In a fifth aspect, a computer program product is provided, the computer program product comprising a computer program stored on a non-transitory computer-readable storage medium, the computer program comprising program instructions which, when executed by a computer, cause the computer to perform the steps of the multilingual speech interaction method of the first aspect.
In a sixth aspect, an embodiment of the present invention further provides an electronic device, which includes: at least one processor, and a memory communicatively coupled to the at least one processor, wherein the memory stores instructions executable by the at least one processor to enable the at least one processor to perform the steps of the method of the first aspect.
According to the method provided by the embodiment of the application, the mixed language model for switching the language command words is used at the client side, and the single language models are used at the server side, so that the high cost for training the mixed language model can be reduced, and the stability of voice interaction is improved.
Drawings
In order to more clearly illustrate the technical solutions of the embodiments of the present invention, the drawings needed to be used in the description of the embodiments are briefly introduced below, and it is obvious that the drawings in the following description are some embodiments of the present invention, and it is obvious for those skilled in the art to obtain other drawings based on the drawings without creative efforts.
FIG. 1 is a flowchart of a multilingual voice interaction method for a client according to an embodiment of the present invention;
FIG. 2 is a flowchart of a multilingual voice interaction method for a server according to an embodiment of the present invention;
FIG. 3 is a flow chart of another multilingual speech interaction method according to an embodiment of the present invention;
FIG. 4 is a flowchart of a multilingual voice interaction in accordance with an embodiment of the present invention;
FIG. 5 is a block diagram of a multilingual speech interaction apparatus for a client according to an embodiment of the present invention;
FIG. 6 is a block diagram of a multi-language voice interaction apparatus for a server according to an embodiment of the present invention;
fig. 7 is a schematic structural diagram of an electronic device according to an embodiment of the present invention.
Detailed Description
In order to make the objects, technical solutions and advantages of the embodiments of the present invention clearer, the technical solutions in the embodiments of the present invention will be clearly and completely described below with reference to the drawings in the embodiments of the present invention, and it is obvious that the described embodiments are some, but not all, embodiments of the present invention. All other embodiments, which can be derived by a person skilled in the art from the embodiments given herein without making any creative effort, shall fall within the protection scope of the present invention.
Referring to FIG. 1, a flow chart of an embodiment of a multilingual voice interaction method of the present invention is shown for a client.

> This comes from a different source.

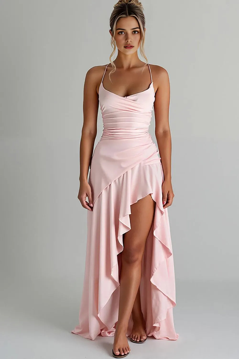 Step into romance with this A line dress. It features a sweetheart neck for a charming look, delicate spaghetti straps for a feminine touch, and a zipper back for a sleek finish. The high low length makes it perfect for evening occasions, ensuring you look graceful and alluring.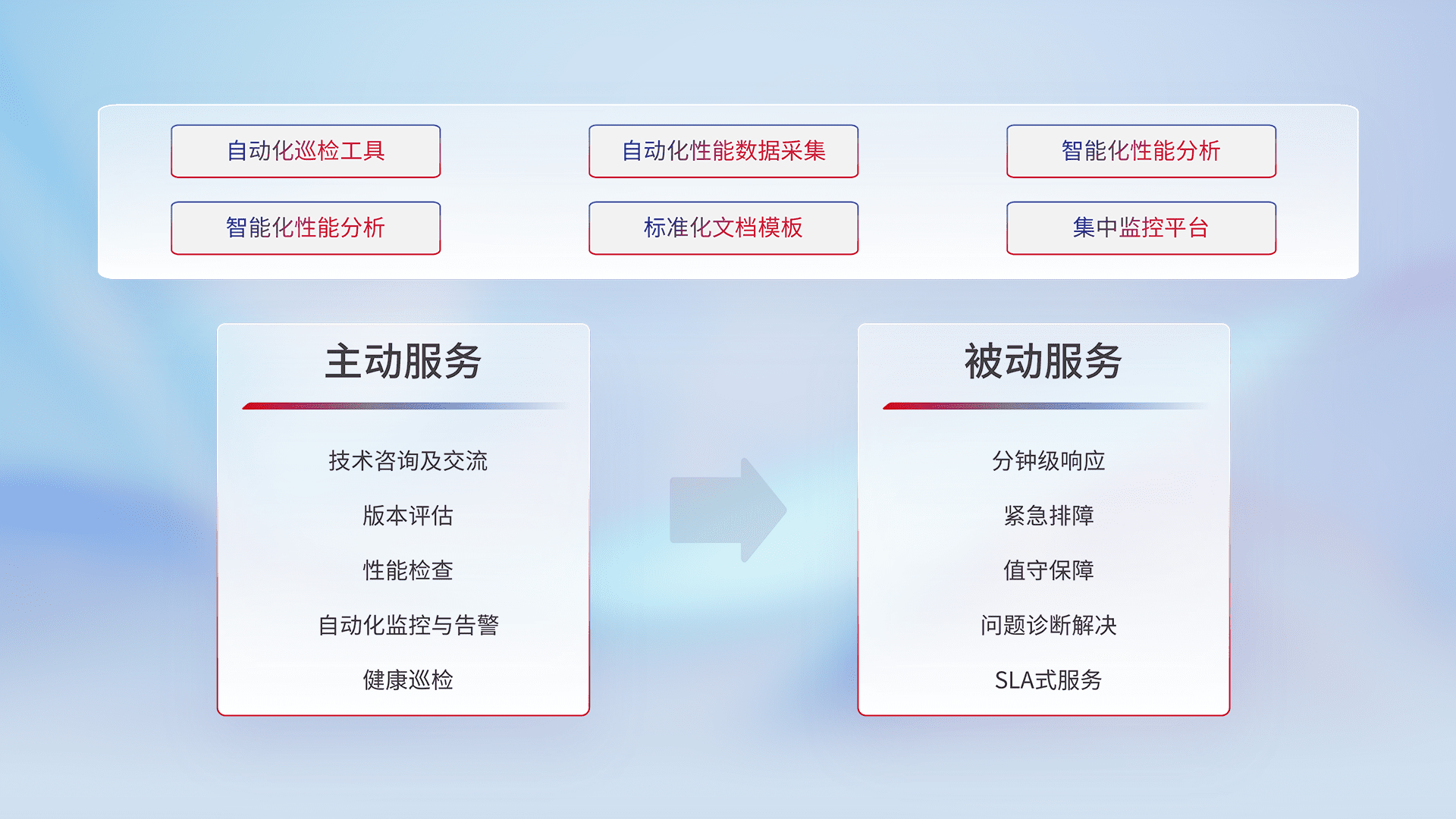 智能化工具和标准化文档,,,,保障服务质量,,提供主动服务(包含技术咨询、、、、版本评估、、、性能检查、、自动化监控与告警、、、健康巡检)和被动服务包含(分钟级响应、、、、紧急排障、、、、值守保障、、问题诊断解决、、、SLA服务)。。。。

As shown in fig. 1, in step 101, in response to an acquired audio, sending the audio into a mixed language model for recognition, wherein a switching language command word of multiple languages is trained in the mixed language model and stored locally;
in step 102, judging whether a language switching command word exists in the audio based on the recognition result;
in step 103, if there is a language switching command word, determining the switched language based on the language switching command word;
in step 104, setting an online default language model based on the switched languages and synchronizing the online default language model to a server, wherein the server includes a plurality of single language models.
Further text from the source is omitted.